Being able to synthesize mirror ribosome and DNA/RNA, they could get all required enzymes - then enclose it into a membrane ... and why wouldn't such minimal cell work? (to be further extended with more functions)

It simply doesn't. What we know is that the a lot of more is needed. There is a list of things folks assume is needed, but so far putting them into a membrane has not yielded a viable cells. This is why I mentioned that we need to figure out what is needed minimally first, as obviously we are still missing critical elements.

Again, what you proposed is early thinking about cells and as it turns out again and again, it does not result in viable cell. That is why with enormous financial investment at that time, the only thing folks were able to come up with was to remove DNA and then put a reduced version back into the cell it came from. The graph is basically ignoring all the critical steps. It is a bit like:

Build rocket-> develop system for FTL-> explore different star systems.

Also, while the authors acknowledge that those very theoretical organisms would need to compete with existing organisms for molecules with the more common chirality, they actually just speculate that they will somehow overcome that. This suggest that you would need to bioengineer all the contingencies into the system, which normal bacteria are able to do from the get go.

The authors are skipping a lot of steps, and from my perspective, these steps are the actual challenges.

[Duda Jarek]

Yes, they use this vague "boot" verb for kind of bringing life to a synthetic cell - but what exactly is it?

Naively there is just chemistry - statistical reactions in cytosol as a dense soup of biomolecules ... recreating composition of this soup (for some minimal cell with just central dogma), what more is needed to make it alive?

 

[CharonY]

2 minutes ago, Duda Jarek said:

Yes, they use this vague "boot" verb for kind of bringing life to a synthetic cell - but what exactly is it?

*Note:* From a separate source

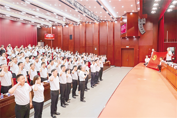 6月29日,漢濱區(qū)農(nóng)業(yè)農(nóng)村局全體黨員重溫入黨誓詞,慶祝中國共產(chǎn)黨成立104周年。周濬 攝
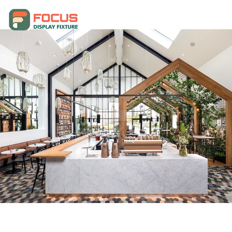 High Capacity Cafe Service Counter Tempered Glass Panel Barista Service Zone Commercial Cafe Counter

Naively there is just chemistry - statistical reactions in cytosol as a dense soup of biomolecules ... recreating composition of this soup (for some minimal cell with just central dogma), what more is needed to make it alive?

 

 

That is the exact issue/question: what is needed to make it alive? We don't know and have not been able to achieve it. It is the same as FTL- we merely have to find a way to overcome the speed of light limit. Naively, it is just bending time and space. How hard can that be?

Again, until someone actually figures out how to build a cell from scratch, we are talking hypotheticals here. Not that this might not be important at some point in the future, but in contrast to many other things that are a risk right now, it is still a hypothetical. Honestly, if we wanted to prevent us dying from infections, someone should figure out how to restore trusts in vaccinations and go from there. Mirror or not, organisms will have a 3d structure to work on.

[Duda Jarek]

While as a physicists I can say FTL is forbidden by special relativity (but in theory allowed by general relativity) ... I honestly cannot imagine obstacles for recreating cell chemistry - generally easily made outside cell ... so recreating original cytosol composition of some minimal cell, why wouldn't it work? Which chemical processes? They would work individually, but couldn't synchronize like in a living cell?

Anyway, looks like these are your words against their. Searching for "boot synthetic cell" I see lots of positive examples. Could you support your view with some references?

ps. Lots of talks from Build-a-Cell seminar (tomorrow about mirror bacteria I plan to visit): https://www.youtube.com/playlist?list=PLb2LmjoxZO-gKWXZZadcko8tHHkPuEeJT

E.g. 2020 John Glass from J. Craig Venter Institute (e.g. minimal genome: 483 kbp, 432 proteins, 39 RNAs):

 

Edited yesterday at 04:09 AM by Duda Jarek

[Duda Jarek]

Just watching a week old presented by Yutetsu Kuruma from Japan Agency for Marine-Earth Science and Technology: Design and construction of artificial cells based on cell-free system - mentions the most difficult is cell replication, where I completely agree ... but just recreating (mirror) central dogma looks doable (?) - and might be sufficient for safe mass production of mirror biomolecules (?) ... or will become the first step toward replicating mirror cells ...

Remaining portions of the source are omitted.